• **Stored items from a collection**
____

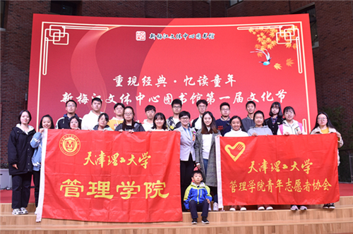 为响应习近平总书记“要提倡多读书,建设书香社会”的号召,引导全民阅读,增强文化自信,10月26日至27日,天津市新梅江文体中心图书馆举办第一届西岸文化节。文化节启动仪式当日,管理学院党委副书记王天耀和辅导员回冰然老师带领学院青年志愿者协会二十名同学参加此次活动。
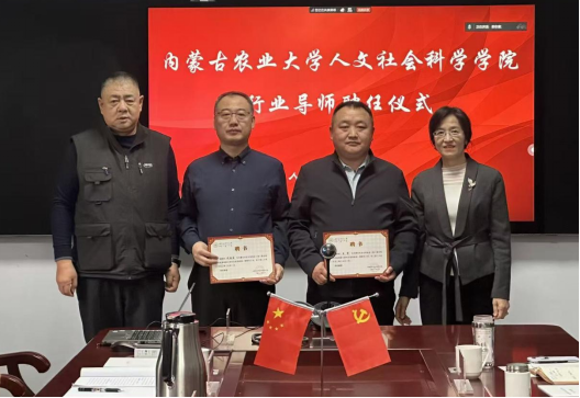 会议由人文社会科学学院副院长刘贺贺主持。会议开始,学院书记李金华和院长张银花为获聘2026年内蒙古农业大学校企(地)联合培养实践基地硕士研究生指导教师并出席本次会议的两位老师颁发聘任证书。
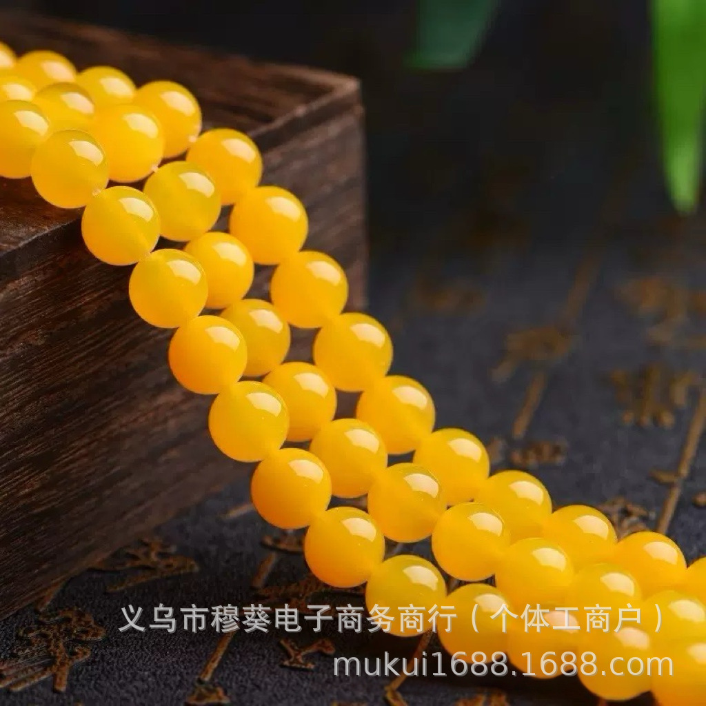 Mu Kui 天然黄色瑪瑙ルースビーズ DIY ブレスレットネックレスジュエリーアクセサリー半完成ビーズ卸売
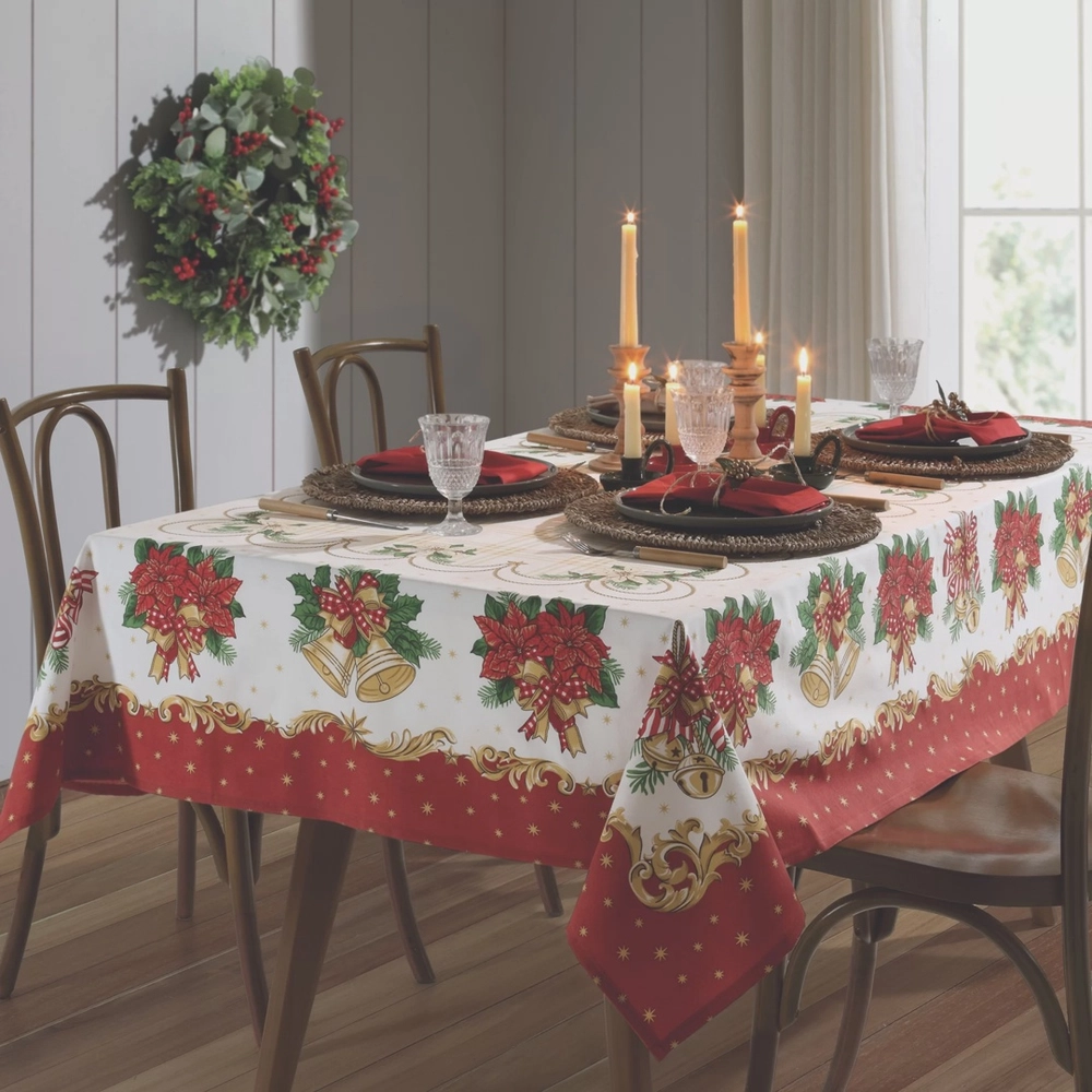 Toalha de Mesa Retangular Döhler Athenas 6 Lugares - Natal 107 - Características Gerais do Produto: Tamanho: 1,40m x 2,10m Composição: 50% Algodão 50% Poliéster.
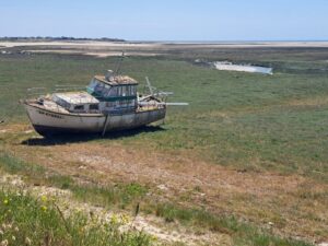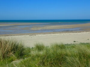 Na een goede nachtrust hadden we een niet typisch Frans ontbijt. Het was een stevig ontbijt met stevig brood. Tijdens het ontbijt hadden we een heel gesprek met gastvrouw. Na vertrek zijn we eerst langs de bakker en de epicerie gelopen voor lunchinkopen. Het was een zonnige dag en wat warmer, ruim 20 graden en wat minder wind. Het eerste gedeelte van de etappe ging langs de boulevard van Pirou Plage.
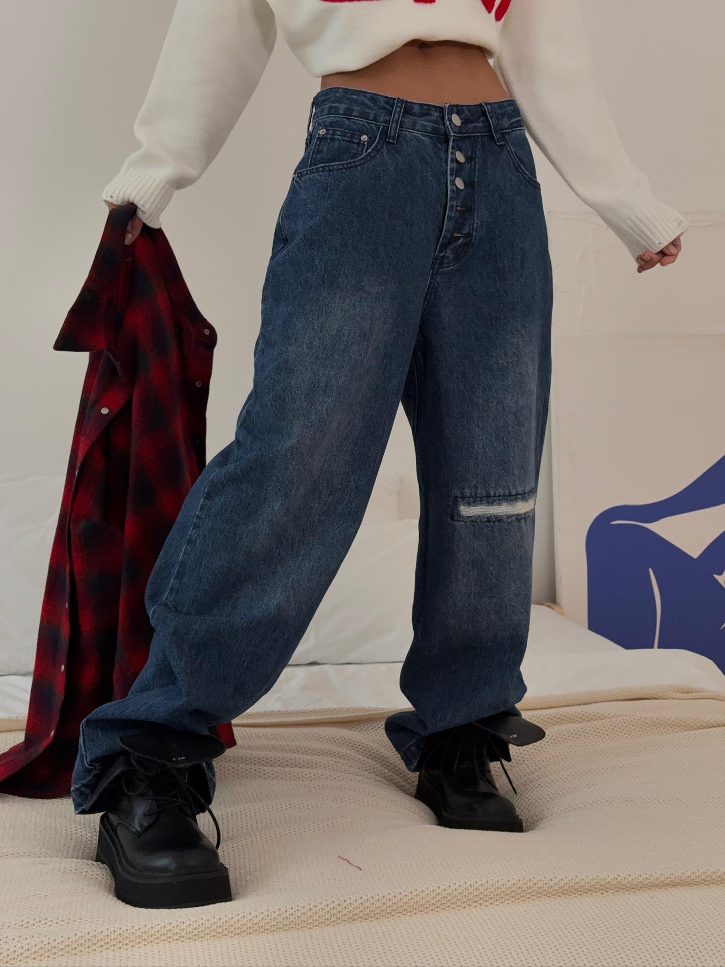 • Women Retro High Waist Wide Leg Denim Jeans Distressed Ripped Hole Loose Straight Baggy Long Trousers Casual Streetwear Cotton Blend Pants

____

• **Goal of the exercise**
Would you copy out, exactly and with no pictures, only the lines above from the one that contains "会议由人文社会科学学院副院长" through the one that contains "Toalha de Mesa"?

• **Solved problem**
 会议由人文社会科学学院副院长刘贺贺主持。会议开始,学院书记李金华和院长张银花为获聘2026年内蒙古农业大学校企(地)联合培养实践基地硕士研究生指导教师并出席本次会议的两位老师颁发聘任证书。
 Mu Kui 天然黄色瑪瑙ルースビーズ DIY ブレスレットネックレスジュエリーアクセサリー半完成ビーズ卸売
 Toalha de Mesa Retangular Döhler Athenas 6 Lugares - Natal 107 - Características Gerais do Produto: Tamanho: 1,40m x 2,10m Composição: 50% Algodão 50% Poliéster.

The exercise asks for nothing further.